I looked like a nut, I'm sure.  The day had worn on and the sky was bright but partly cloudy, so the light kept changing drastically from moment to moment.  I needed an assistant, I told my neighbor.  I was getting too old to do everything myself.  

In a little while, I got the app on my phone to connect to the camera, so I experimented on myself with the lights.  


With one light and a pale background, I was getting too much shadow.  There were two ways to fix that.  One was to use a second strobe on the opposite side.  The other was to use a darker backdrop.  O.K.  Those aren't the only two ways, but they are the ones I was thinking of.  If I wanted to do this on locations, though, I would have to buy a second portable, battery powered strobe.  

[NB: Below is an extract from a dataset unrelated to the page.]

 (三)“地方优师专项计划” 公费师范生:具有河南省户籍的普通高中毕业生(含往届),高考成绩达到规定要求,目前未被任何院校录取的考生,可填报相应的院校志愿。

It was midafternoon now, and I was sick and hot and tired and beat.  I wanted to lie down and take a nap.  I didn't have it in me to take down the whole thing and put up another canvas.  I didn't think I had it in me to put everything away to tell the truth, but it had to be done.  This was a thing I had wanted to do.  I wanted to see what it would take.  What it was going to take now was a lot of energy putting things away.  

So I broke down the backdrop and began taking my camera and strobe and tripods and chair back into the house.  After that, I faced folding the big backdrops by myself.  I would have to buck up.  This was going to be like packing away sails on a boat, I said, a big boat with heavy sails.  

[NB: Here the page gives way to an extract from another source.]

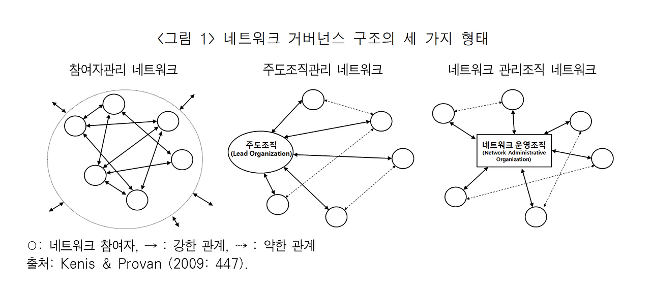 공식적인 권위 없이도 다양한 행위자들이 자율적으로, 호혜적인 상호 의존성에 기반하여 협력하도록 하는 제도 및 조종형태를 말한다.
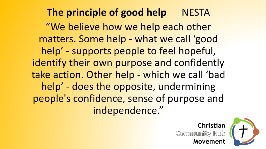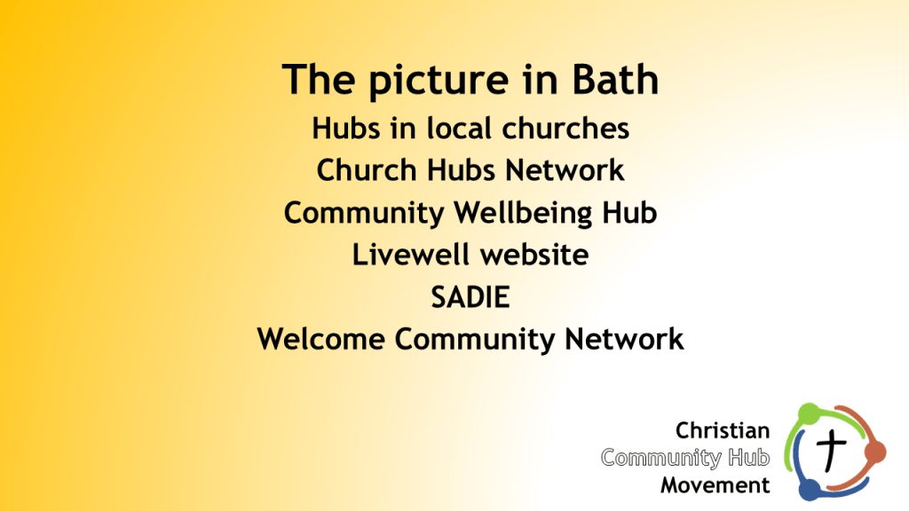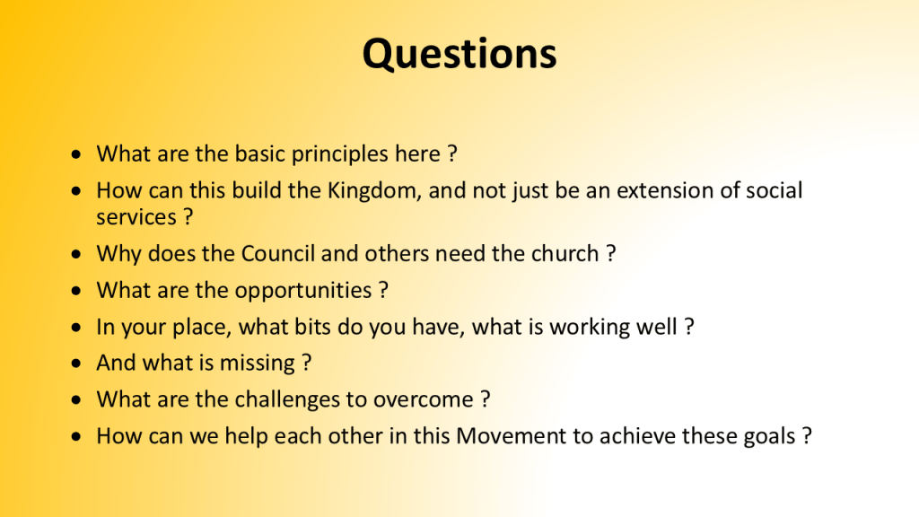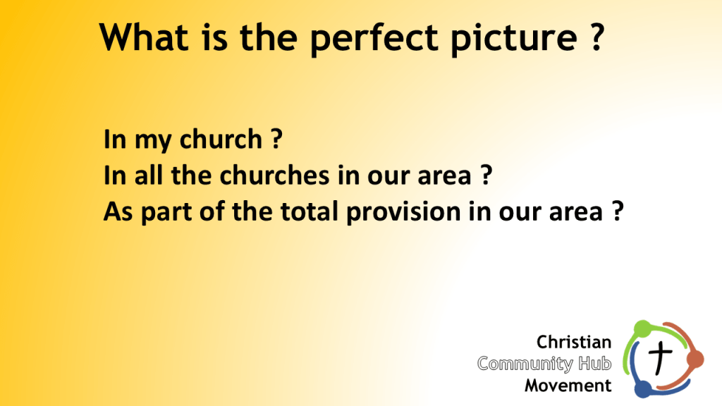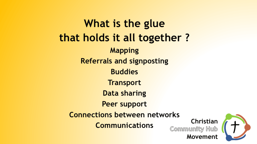 How can this level of support and guidance be replicated across a number of hubs that are operating in the same town or city ? Some of these will be operating for one day a week, or less. How can the church, and the hubs we run, be an integral part of “how this place works” ? We can satisfy some of these needs ourselves, but not all of them. How can we link together, and link with hubs run by charities and by the local authority ?

I am not very good at folding things.  

But I got better.  I took my time and brought the ends together, then, as I had some distant memory of watching Ili fold sheets, I took up folds of fabric in between until I got to the other end, then, letting go of the folds,  I halved the canvas and laid it down and walked to the other end and did the same thing.  Then again, and Jesus, Joseph, and Mary. . . it was working.  And once the ten or twelve feet had been folded into something three feet wide, I made three foot folds lengthwise, and VOILA!  

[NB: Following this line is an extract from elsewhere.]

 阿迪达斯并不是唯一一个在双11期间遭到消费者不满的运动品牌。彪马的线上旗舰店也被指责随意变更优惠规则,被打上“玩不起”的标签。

I felt accomplished and quite proud.  

I did the next one and the next one and the next one until all of them were neatly stacked in a pile.  Then one by one, I took them back and packed them into the container.  

And by then, my lower back was barking.  

Since my cousin was leaving in the morning, I had told my mother I would make a dinner in the InstaPot and bring it over.  I needed to go get fixings.  I was making a chicken stew.  

By five, the stew was ready and I was clean.  I felt like shit, but it was time to go.  

The stew was not all that good. 

By the time I got back home, my alma mater was eight points behind Auburn in the NCAA Tournament semi-fiamls.  It was halftime.  I searched once again for a way to watch the game and eventually found that I could stream it on my phone but could not watch it on tv.  WTF sense did that make?  Capitalist sense, I guessed.  The Greedheads had somehow run the numbers, etc.  

I sat on my couch, phone in hand, and watched my team come back to win impressively.  Victory!  On to the Championship game.  

When I woke this morning and got out of bed at five, my back was stiff and sore.  And now with sunrise I am very tired and will try to get a little more sleep.  There is something I should want to do today, but I don't want to say it in case I don't do it and have nothing to show.  We'll see.  There was a reason for setting up the outdoor studio and lights yesterday, but I am pretty sure I am still lacking courage.  

My phone neither rings nor pings.  I hope I sleep.  I'm going to need to figure out what will happen to all my things.